<<<<

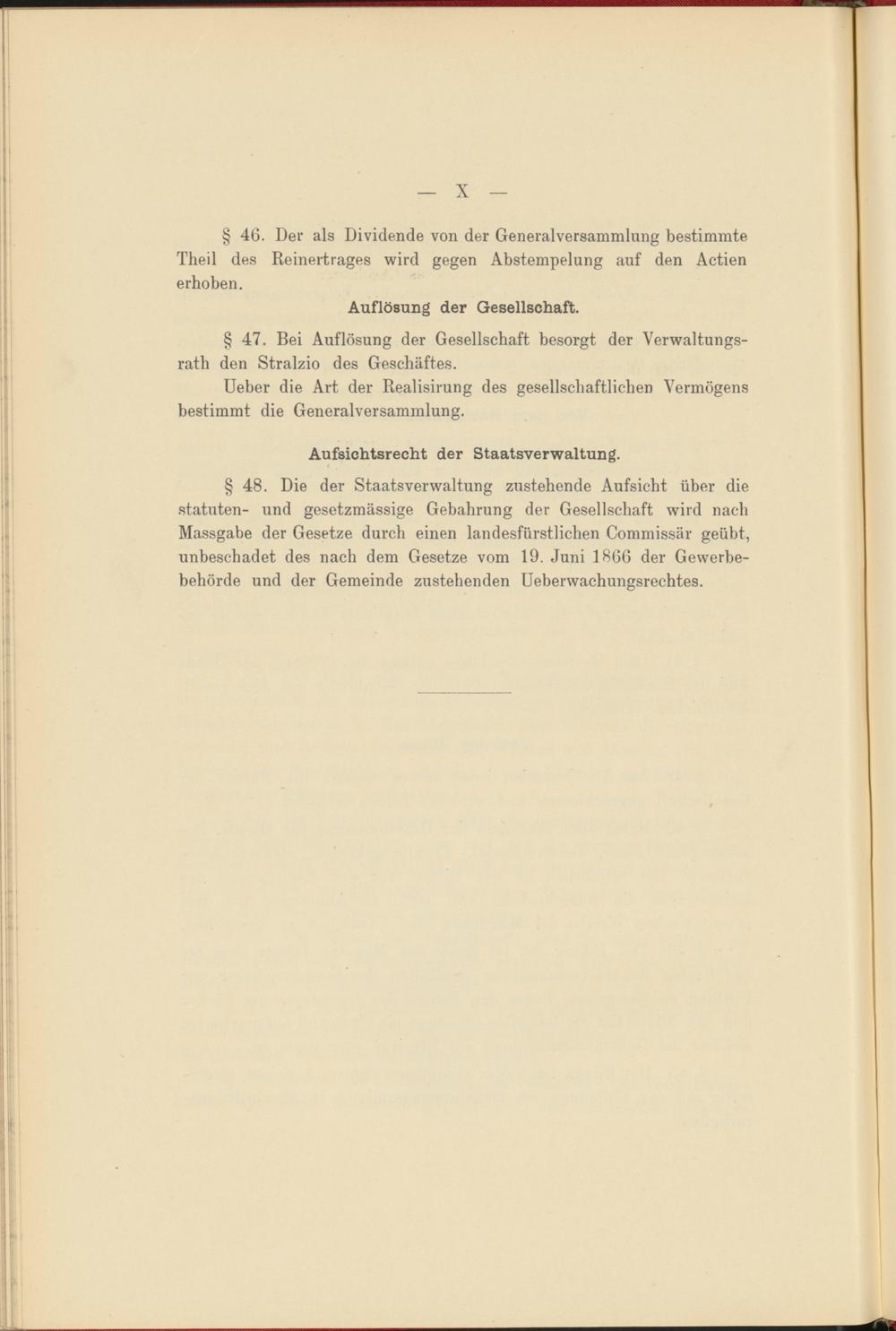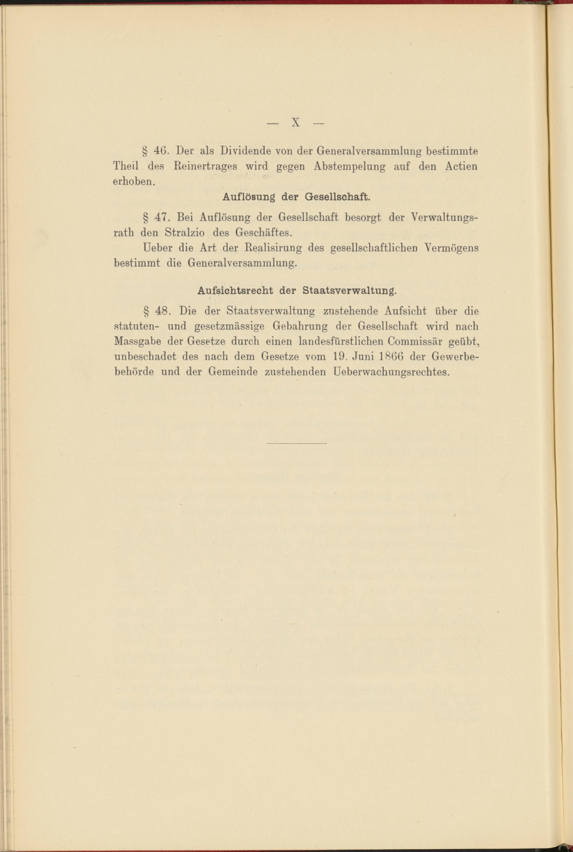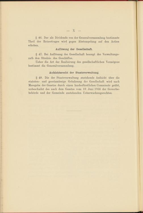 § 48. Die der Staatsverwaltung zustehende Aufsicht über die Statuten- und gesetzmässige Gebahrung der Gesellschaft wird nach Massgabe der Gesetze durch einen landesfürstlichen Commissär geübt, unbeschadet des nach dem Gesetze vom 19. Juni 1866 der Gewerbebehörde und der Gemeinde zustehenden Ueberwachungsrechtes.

>>>>
<<<<

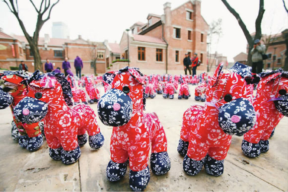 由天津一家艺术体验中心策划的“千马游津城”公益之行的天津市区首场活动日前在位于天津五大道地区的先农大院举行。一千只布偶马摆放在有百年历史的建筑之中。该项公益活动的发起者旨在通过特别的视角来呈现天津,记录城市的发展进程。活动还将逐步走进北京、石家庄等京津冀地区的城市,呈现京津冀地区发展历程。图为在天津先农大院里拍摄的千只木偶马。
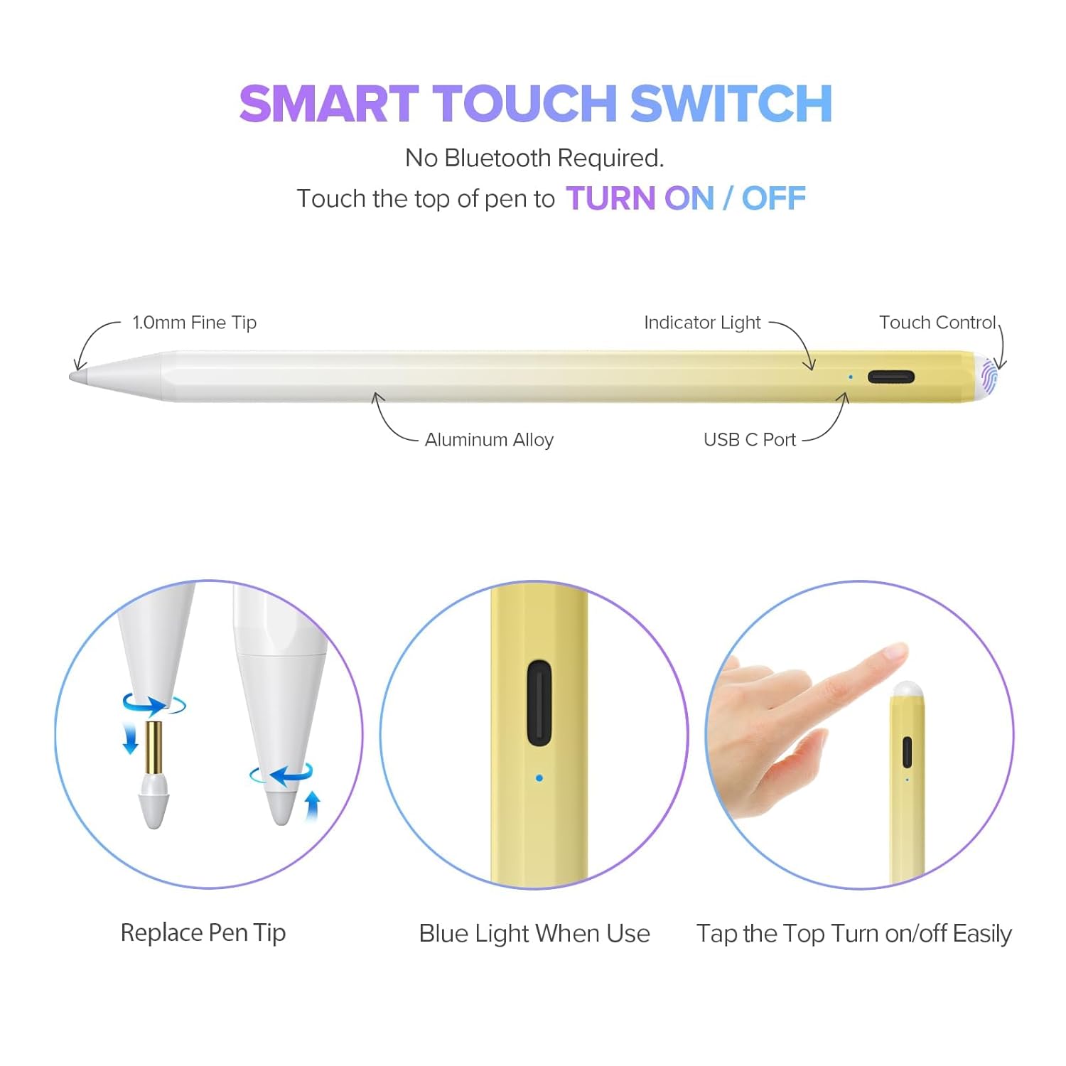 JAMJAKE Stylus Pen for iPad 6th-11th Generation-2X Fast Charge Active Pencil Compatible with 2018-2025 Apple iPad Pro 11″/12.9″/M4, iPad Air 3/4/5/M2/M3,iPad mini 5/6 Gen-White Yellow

>>>>
<<<<

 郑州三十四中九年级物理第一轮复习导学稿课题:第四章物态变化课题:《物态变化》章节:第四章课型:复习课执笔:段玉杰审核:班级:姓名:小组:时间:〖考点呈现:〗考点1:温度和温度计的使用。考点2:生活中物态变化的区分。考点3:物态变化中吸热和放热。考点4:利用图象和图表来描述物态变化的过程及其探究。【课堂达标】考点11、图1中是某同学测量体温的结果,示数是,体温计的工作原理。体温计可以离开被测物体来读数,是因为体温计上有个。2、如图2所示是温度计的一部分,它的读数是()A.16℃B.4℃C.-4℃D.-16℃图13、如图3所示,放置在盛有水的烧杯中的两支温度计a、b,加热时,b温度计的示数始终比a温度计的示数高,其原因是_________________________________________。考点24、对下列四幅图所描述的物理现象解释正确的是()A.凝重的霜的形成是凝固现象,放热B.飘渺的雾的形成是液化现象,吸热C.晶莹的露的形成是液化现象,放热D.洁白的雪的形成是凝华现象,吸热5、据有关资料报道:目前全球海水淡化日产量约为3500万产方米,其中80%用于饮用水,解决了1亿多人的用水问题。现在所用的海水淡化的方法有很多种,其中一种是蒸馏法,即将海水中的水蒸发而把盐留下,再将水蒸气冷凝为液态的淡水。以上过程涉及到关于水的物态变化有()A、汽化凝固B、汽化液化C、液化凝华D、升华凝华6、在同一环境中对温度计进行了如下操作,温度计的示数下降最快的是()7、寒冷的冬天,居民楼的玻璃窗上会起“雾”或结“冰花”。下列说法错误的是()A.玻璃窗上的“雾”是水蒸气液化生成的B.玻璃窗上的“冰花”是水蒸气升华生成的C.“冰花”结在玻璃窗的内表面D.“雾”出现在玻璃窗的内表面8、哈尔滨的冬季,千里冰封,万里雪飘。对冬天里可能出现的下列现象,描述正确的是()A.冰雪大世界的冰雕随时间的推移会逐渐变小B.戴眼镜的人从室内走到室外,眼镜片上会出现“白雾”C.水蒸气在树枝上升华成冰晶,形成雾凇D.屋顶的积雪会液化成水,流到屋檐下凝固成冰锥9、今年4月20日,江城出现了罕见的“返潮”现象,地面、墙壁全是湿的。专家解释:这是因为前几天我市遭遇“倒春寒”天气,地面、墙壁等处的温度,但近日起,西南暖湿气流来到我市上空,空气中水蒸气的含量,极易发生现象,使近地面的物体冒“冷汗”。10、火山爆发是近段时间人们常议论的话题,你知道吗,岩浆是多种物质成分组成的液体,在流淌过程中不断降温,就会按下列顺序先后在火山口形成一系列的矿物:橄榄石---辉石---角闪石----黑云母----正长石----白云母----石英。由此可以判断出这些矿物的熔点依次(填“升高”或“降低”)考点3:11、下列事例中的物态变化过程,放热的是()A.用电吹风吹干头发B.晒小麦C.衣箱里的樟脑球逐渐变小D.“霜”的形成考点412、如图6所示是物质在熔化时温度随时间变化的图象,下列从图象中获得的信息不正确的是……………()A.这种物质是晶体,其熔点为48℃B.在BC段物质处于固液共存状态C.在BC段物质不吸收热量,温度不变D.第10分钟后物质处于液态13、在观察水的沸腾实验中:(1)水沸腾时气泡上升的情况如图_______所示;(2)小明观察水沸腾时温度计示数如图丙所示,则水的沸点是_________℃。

>>>>

What is being asked:
Nothing but the lines from the one containing "由天津一家艺术体验中心策划的" through the one containing "JAMJAKE Stylus Pen" should appear, copied exactly from the material above and without pictures.

Response to the exercise:
 由天津一家艺术体验中心策划的“千马游津城”公益之行的天津市区首场活动日前在位于天津五大道地区的先农大院举行。一千只布偶马摆放在有百年历史的建筑之中。该项公益活动的发起者旨在通过特别的视角来呈现天津,记录城市的发展进程。活动还将逐步走进北京、石家庄等京津冀地区的城市,呈现京津冀地区发展历程。图为在天津先农大院里拍摄的千只木偶马。
 JAMJAKE Stylus Pen for iPad 6th-11th Generation-2X Fast Charge Active Pencil Compatible with 2018-2025 Apple iPad Pro 11″/12.9″/M4, iPad Air 3/4/5/M2/M3,iPad mini 5/6 Gen-White Yellow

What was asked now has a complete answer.